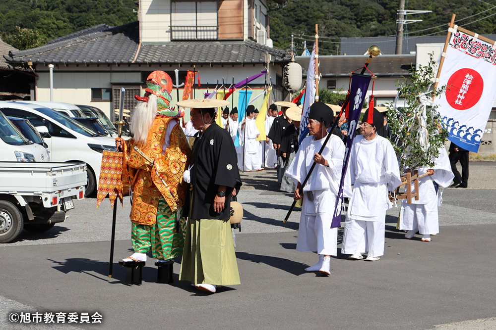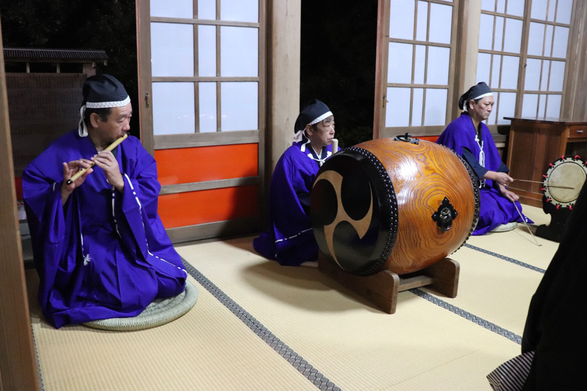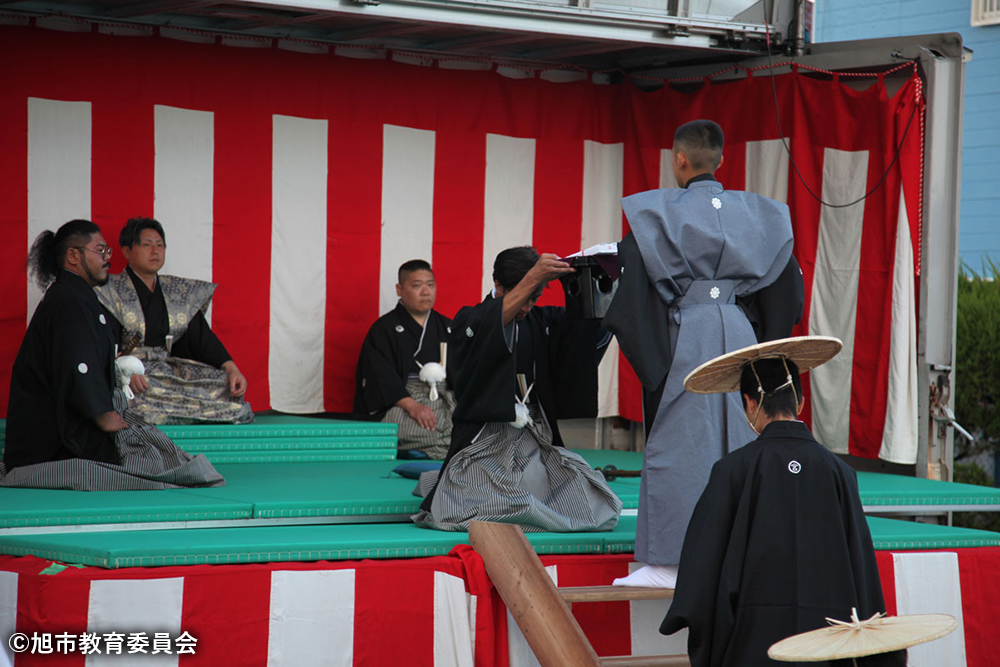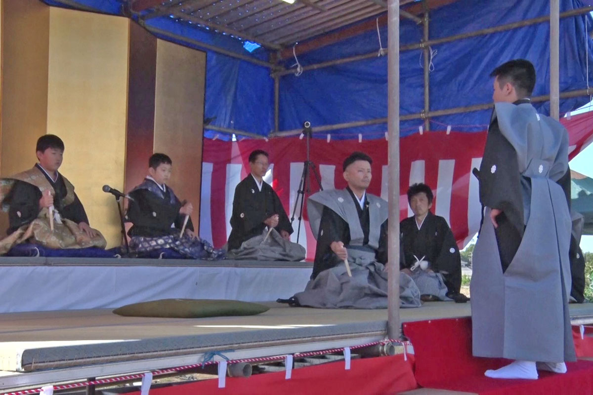- 諸徳持区の使者が殿様に芸能披露の許可を得、下座の演奏を行った。
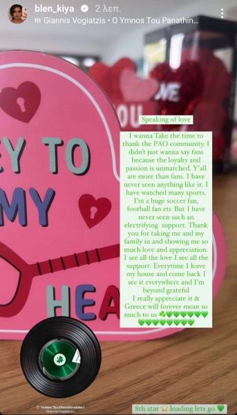 Αλλά δεν έχω δει ποτέ τόσο ηλεκτρισμένη υποστήριξη. Σας ευχαριστώ που δεχθήκατε εμένα και την οικογένειά μου και μου δείξατε τόση αγάπη και εκτίμηση. Βλέπω όλη την αγάπη και όλη την υποστήριξη. Κάθε φορά που φεύγω από το σπίτι μου και επιστρέφω το βλέπω παντού και είμαι πολύ ευγνώμων, το εκτιμώ πραγματικά και η Ελλάδα θα σημαίνει για πάντα τόσα πολλά για εμάς. Πάμε για το 8ο αστέρι!».
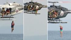 Esta vez, Encarni tenía un apoyo fundamental para conseguir lanzarse al mar: a Toñi. Parece mentira que fuese ésta quien no sabía nadar cuando participó en Splash: famosos al agua en 2013, porque se ha convertido durante el rato que han pasado en el helicóptero, que ha acabado prácticamente rozando el agua, en una verdadera cheerleader. Aunque el final no ha sido el mejor... Ups.
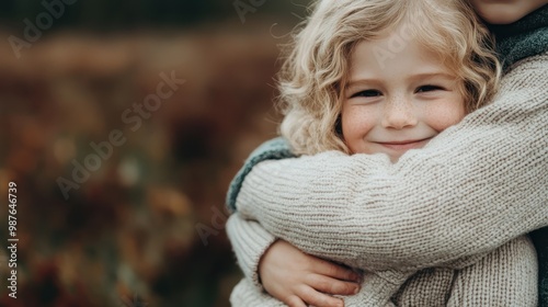 A happy blonde-haired child grins delightfully while being warmly embraced, set in a natural outdoor environment with a touch of autumn in the air.
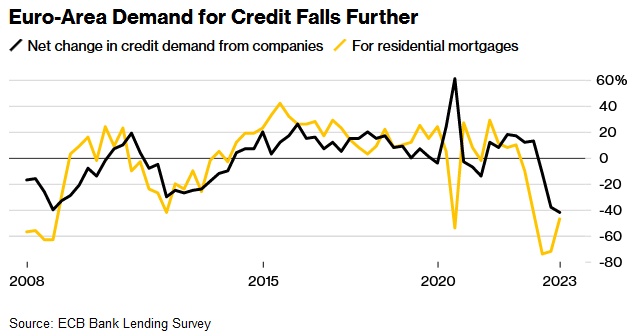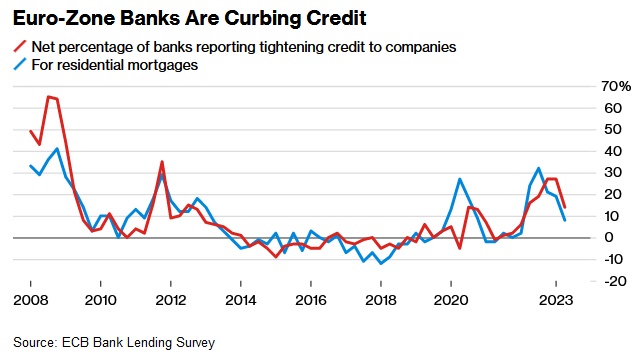这项始于2003年的季度调查让人们得以一窥欧洲央行史无前例的紧缩举措对贷款的影响。贷款是政策制定者们在寻求不破坏已经陷入困境的经济的前提下使通胀回落至2%目标水平的关键渠道。
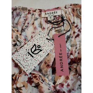Andrée By Unit Red Olive & Mustard Floral Long Sleeve Blouse Tie Neck Size S
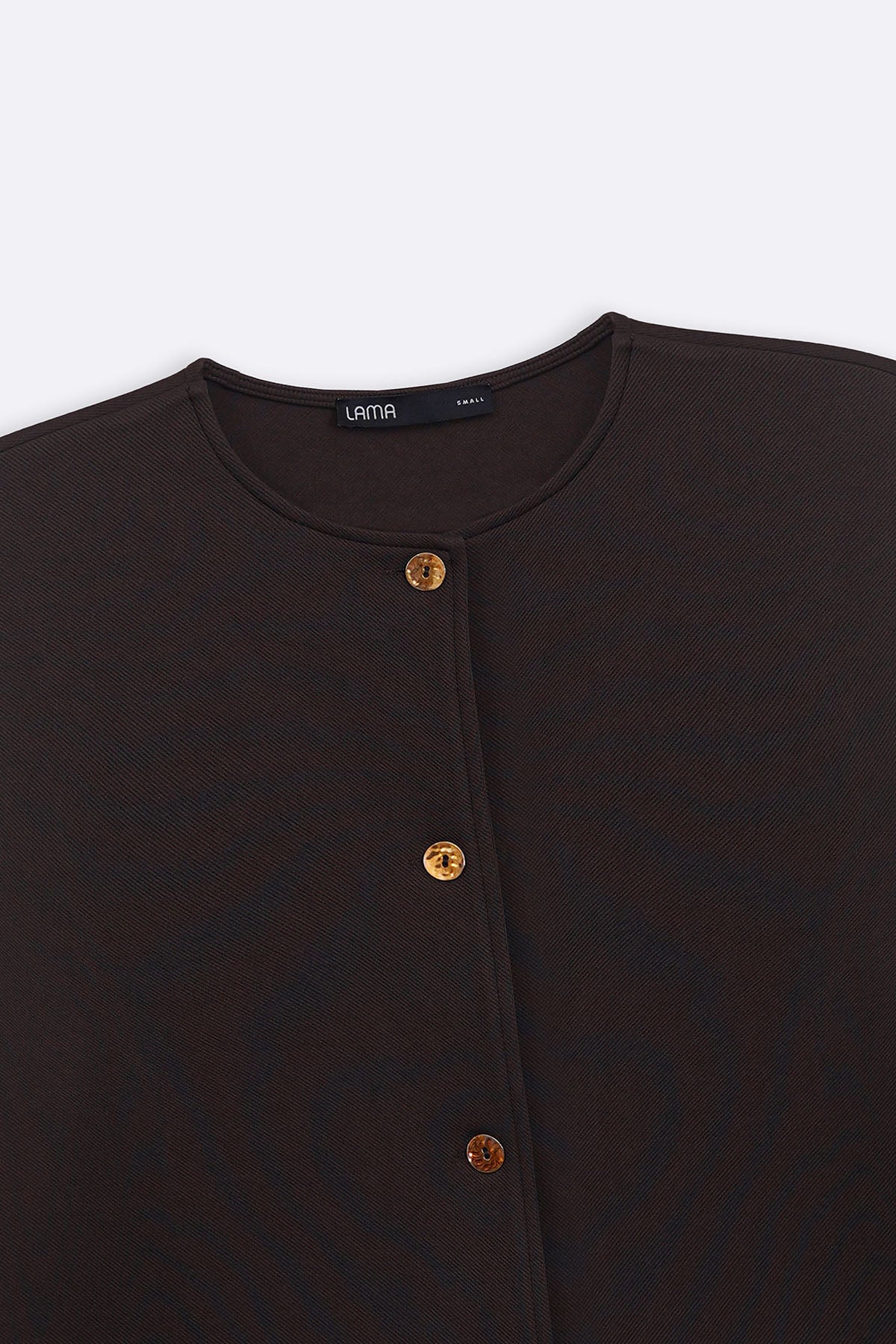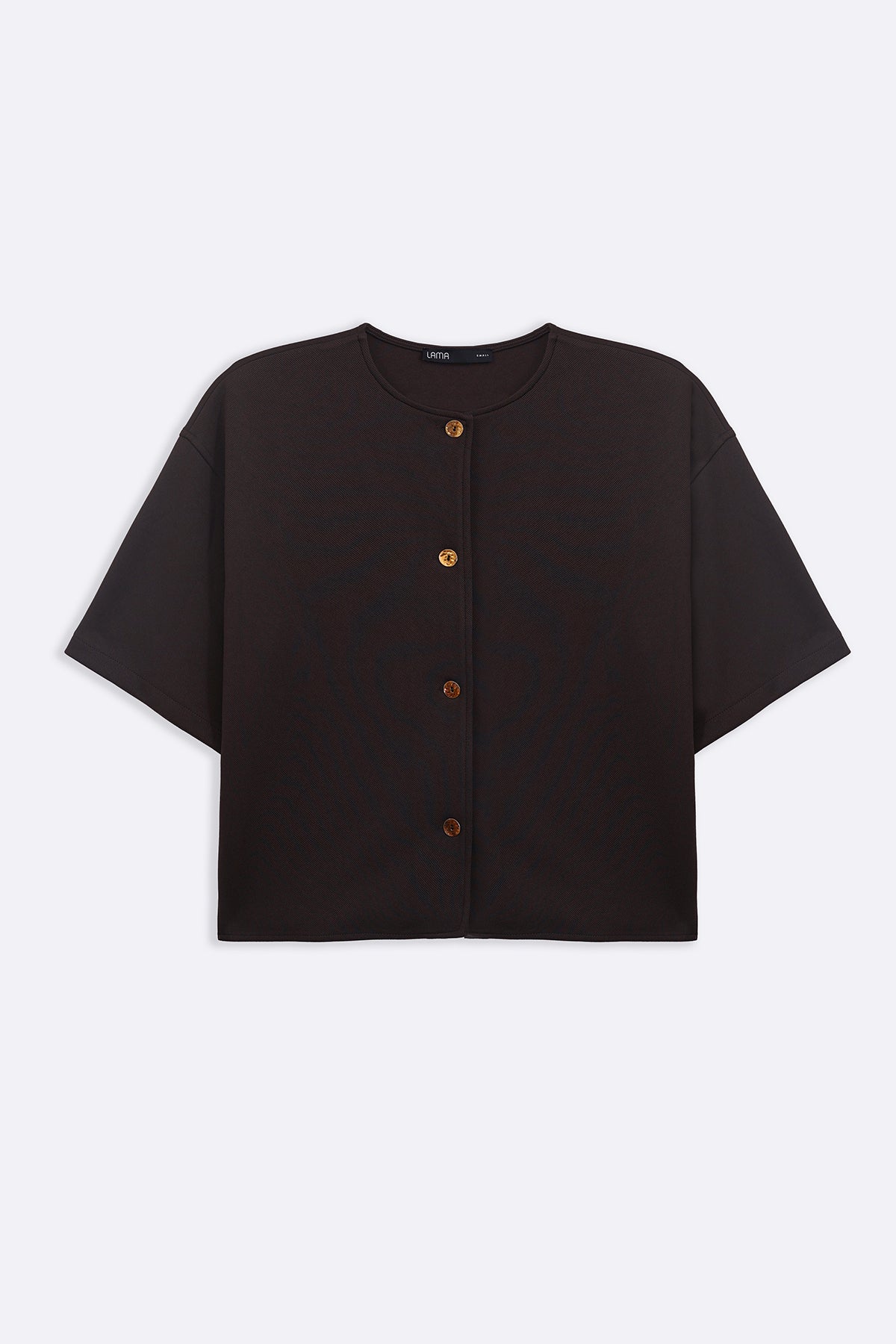 Design details: Soft, tailored look in a button-down textured blouse with short sleeves, side slits and gold buttons.
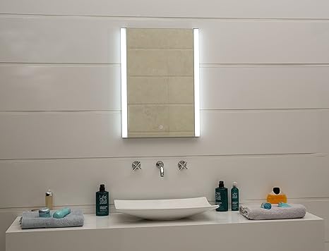 Badezimmerspiegel Mit Beleuchtung Led Spiegel 65x50 Cm Badspiegel Mit Licht Design Spiegel Fur Bad Und Gaste Wc Hinterleuchtet Beleuchteter Wandspiegel Rahmenlos O Led Amazon De Kuche Haushalt
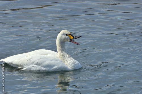 Obraz premium 口を開いたコハクチョウ

WORK TASK: The output is the records exactly as they read, with no pictures in it.

OUTPUT FOR THIS EXERCISE:
- 諸徳持区の使者が殿様に芸能披露の許可を得、下座の演奏を行った。
 Αλλά δεν έχω δει ποτέ τόσο ηλεκτρισμένη υποστήριξη. Σας ευχαριστώ που δεχθήκατε εμένα και την οικογένειά μου και μου δείξατε τόση αγάπη και εκτίμηση. Βλέπω όλη την αγάπη και όλη την υποστήριξη. Κάθε φορά που φεύγω από το σπίτι μου και επιστρέφω το βλέπω παντού και είμαι πολύ ευγνώμων, το εκτιμώ πραγματικά και η Ελλάδα θα σημαίνει για πάντα τόσα πολλά για εμάς. Πάμε για το 8ο αστέρι!».
 Esta vez, Encarni tenía un apoyo fundamental para conseguir lanzarse al mar: a Toñi. Parece mentira que fuese ésta quien no sabía nadar cuando participó en Splash: famosos al agua en 2013, porque se ha convertido durante el rato que han pasado en el helicóptero, que ha acabado prácticamente rozando el agua, en una verdadera cheerleader. Aunque el final no ha sido el mejor... Ups.
 A happy blonde-haired child grins delightfully while being warmly embraced, set in a natural outdoor environment with a touch of autumn in the air.
这项始于2003年的季度调查让人们得以一窥欧洲央行史无前例的紧缩举措对贷款的影响。贷款是政策制定者们在寻求不破坏已经陷入困境的经济的前提下使通胀回落至2%目标水平的关键渠道。
Andrée By Unit Red Olive & Mustard Floral Long Sleeve Blouse Tie Neck Size S
 Design details: Soft, tailored look in a button-down textured blouse with short sleeves, side slits and gold buttons.
 Badezimmerspiegel Mit Beleuchtung Led Spiegel 65x50 Cm Badspiegel Mit Licht Design Spiegel Fur Bad Und Gaste Wc Hinterleuchtet Beleuchteter Wandspiegel Rahmenlos O Led Amazon De Kuche Haushalt
 Obraz premium 口を開いたコハクチョウ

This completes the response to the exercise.